I also would not have known what to do about pretty much any of the problems he encountered.




For most people Xcode just handles it for you. I’ve never touched it by hand.

It can be, it’s designed for that (as opposed to something like an Xcode project file), but it doesn’t come up for most of us.

Obviously it’s different if you’re not developing on a Mac. But given the usual audience of Swift users, I bet it’s hard to find good tutorials for this kind of stuff.


I absolutely hate the reliance on XCode for Apple stuff. I don’t want to blindly search for some checkbox widget, please just give me a config file.


This. And this was a problem with MS/Windows development for years, too, over-reliance on Visual Studio... In fact, XCode reminds me a lot of older versions of Visual Studio, complete with terrible giant configuration dialogs, generated code galore, and subpar refactoring and external tooling support.

I really don't get Mac/iOS developer's weird stockholm syndrome with XCode -- when I worked doing iOS for a period of time, I used JetBrain's AppCode and it helped take the edge off things.

Granted, I haven't ventured into XCode & iOS dev since Swift came on the scene. That does look to have improved things.


I've worked with Xcode since it was Project Builder. And I worked with Visual C++ from the days when it was two disparate versions, one 16-bit and one 32-bit.

I used to love Visual Studio. Not MFC and its crap-heap of hokey macros, but the IDE. Project Builder was primitive as hell by comparison.

Fast-forward 20 years, and Visual Studio is still plagued by the same ridiculous UI defects it suffered from in the '90s, and Xcode is vastly improved from Project Builder.

I've heard (and evidence bears it out) that there's no one left at Apple who understands how Xcode works at this point. The giant piles of settings, many of which are specified in multiple places in multiple ways, and the corruptibility of the project files... once your project goes wrong there's often no coming back. Granted, this is far less frequent than it used to be, but still... this thing needs a ground-up rewrite behind the scenes.

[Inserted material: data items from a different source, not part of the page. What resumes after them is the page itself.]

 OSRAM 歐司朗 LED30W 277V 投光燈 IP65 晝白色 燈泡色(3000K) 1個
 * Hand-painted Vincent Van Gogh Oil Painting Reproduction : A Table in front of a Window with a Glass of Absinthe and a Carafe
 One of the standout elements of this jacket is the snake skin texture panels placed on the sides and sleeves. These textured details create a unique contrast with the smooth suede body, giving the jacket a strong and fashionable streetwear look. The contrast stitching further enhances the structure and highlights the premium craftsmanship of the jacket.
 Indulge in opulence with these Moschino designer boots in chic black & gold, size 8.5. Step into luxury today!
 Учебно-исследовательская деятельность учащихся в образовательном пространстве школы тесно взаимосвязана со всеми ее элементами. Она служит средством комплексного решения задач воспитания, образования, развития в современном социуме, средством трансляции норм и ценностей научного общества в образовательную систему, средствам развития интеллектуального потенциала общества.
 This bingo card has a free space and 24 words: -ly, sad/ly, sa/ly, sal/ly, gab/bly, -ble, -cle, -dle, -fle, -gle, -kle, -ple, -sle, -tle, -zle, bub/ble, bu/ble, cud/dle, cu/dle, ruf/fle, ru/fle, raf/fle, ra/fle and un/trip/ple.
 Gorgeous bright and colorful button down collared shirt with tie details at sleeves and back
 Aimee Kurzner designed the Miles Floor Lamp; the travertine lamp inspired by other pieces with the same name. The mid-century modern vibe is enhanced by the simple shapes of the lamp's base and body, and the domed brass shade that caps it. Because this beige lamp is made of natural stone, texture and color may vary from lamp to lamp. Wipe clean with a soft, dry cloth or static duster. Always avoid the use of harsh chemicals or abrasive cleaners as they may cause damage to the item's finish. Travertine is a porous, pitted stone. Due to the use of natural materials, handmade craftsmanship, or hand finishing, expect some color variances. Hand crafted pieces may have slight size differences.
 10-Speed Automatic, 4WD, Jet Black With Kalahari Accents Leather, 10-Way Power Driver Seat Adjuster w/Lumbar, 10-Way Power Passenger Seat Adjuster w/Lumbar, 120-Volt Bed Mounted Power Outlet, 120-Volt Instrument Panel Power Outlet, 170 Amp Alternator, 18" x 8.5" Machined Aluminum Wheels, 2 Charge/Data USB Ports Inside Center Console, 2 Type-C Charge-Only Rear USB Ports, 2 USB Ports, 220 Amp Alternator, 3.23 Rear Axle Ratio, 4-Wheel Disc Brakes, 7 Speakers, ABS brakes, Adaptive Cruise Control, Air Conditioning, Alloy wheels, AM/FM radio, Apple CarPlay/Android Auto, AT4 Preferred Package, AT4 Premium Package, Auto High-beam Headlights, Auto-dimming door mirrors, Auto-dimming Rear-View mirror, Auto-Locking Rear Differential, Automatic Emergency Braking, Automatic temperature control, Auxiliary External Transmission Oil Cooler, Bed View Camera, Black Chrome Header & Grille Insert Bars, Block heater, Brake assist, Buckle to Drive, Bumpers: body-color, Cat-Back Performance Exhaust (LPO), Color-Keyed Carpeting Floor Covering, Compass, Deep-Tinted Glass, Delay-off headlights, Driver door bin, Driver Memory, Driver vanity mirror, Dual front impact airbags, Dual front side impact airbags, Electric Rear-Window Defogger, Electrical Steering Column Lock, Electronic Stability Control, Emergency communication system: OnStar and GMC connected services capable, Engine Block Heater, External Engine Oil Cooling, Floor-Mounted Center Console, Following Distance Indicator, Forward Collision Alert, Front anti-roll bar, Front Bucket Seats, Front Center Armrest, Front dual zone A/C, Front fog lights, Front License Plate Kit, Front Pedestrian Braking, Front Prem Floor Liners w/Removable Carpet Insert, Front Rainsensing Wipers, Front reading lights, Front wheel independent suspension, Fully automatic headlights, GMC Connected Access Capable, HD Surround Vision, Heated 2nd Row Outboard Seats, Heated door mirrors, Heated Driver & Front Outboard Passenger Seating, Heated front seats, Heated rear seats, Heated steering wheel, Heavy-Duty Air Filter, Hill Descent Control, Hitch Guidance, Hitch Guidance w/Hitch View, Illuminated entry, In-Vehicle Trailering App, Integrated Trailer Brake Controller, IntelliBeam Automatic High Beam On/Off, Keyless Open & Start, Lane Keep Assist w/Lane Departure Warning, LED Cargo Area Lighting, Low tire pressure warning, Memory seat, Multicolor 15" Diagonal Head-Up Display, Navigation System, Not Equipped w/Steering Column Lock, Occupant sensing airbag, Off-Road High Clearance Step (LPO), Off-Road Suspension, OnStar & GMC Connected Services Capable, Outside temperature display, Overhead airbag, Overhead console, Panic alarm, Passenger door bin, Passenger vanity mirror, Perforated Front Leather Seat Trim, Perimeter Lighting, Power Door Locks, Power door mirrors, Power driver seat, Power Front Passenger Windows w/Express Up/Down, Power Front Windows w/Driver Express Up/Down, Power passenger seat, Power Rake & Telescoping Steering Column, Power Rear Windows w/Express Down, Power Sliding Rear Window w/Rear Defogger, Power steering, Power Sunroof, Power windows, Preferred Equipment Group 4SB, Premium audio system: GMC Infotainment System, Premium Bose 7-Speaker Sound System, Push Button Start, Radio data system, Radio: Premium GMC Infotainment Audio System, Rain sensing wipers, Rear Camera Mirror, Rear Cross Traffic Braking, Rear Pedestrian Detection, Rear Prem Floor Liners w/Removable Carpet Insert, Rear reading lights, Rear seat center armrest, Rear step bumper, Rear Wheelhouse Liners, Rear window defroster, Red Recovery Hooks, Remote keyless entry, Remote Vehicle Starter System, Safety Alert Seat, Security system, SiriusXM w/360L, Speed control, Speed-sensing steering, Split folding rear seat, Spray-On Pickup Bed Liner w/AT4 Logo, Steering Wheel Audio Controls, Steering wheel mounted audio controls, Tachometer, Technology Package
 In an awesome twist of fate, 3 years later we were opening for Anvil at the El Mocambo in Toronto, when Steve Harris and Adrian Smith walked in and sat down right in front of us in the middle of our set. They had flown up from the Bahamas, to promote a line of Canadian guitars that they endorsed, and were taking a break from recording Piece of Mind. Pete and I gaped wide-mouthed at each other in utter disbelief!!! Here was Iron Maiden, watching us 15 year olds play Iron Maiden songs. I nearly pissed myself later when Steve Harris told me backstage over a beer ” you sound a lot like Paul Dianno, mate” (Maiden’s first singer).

I work in Xcode daily, and I would be open to trying something else if I thought it would fully integrate all of the non-coding BS that encrusts development. Specifically things like code-signing, certificates, SDK locations, simulator integration... Do third-party IDEs offer seamless support for all that stuff?


> Do third-party IDEs offer seamless support for all that stuff?

when I used it, AppCode did a lot of song-and-dance to delegate out to XCode to do a bunch of the stuff like that. and it was by no means seamless


Thanks. That's why I haven't bothered to explore anything like that. It's enough of a PITA in Apple's own tools, without troubleshooting third-party hacks.

On the other hand, I did a desktop project in Qt and was shocked at how decently it generated and built an Xcode project. I did have to write a script to sign and package the app for distribution, but it wasn't as painful as plain-old iPhone development used to be simply because of the wildly unreliable certificate BS in Xcode.


Yeah some developers can't be bothered to use productive tools, there is nothing like being able to light up fire with bones and sticks, feel in control of the universe. /s

That is how anti-IDE rants sound to me.


How was what I posted an anti-IDE rant when I spoke clearly about using AppCode?

The problem with XCode isn't that it's an IDE. It's that it's a shitty one, and Apple keeps trying to shove it on people by coupling the dev experience with their own IDE.

The right thing for platform makers to do is provide tools and infrastructure which can be used in a modular fashion by an ecosystem of third party tools. Offering their own IDE is fine, too, but it should not be required. This is best for the long term health of the platform, and best for developers, too.


Because you just did it again, arguing for tools not to depend on IDE.

Being used alone, the usual talk of UNIX way, when in reality most CLI stuff has a bazillion of flags.

JetBrains gave up on selling AppCode, as the large majority of developers on the Apple ecosystem couldn't care less.


He did not do it again. He complained that Apple tied development to ITS OWN IDE, hampering people from using OTHER IDEs.

And he is correct. The problem is that Apple's development environment is such a pile of poorly-understood spaghetti and band-aided shit that I don't think anyone at Apple has the chops (or certainly the time) to clean it up.


He certainly did it,

"The right thing for platform makers to do is provide tools and infrastructure which can be used in a modular fashion by an ecosystem of third party tools."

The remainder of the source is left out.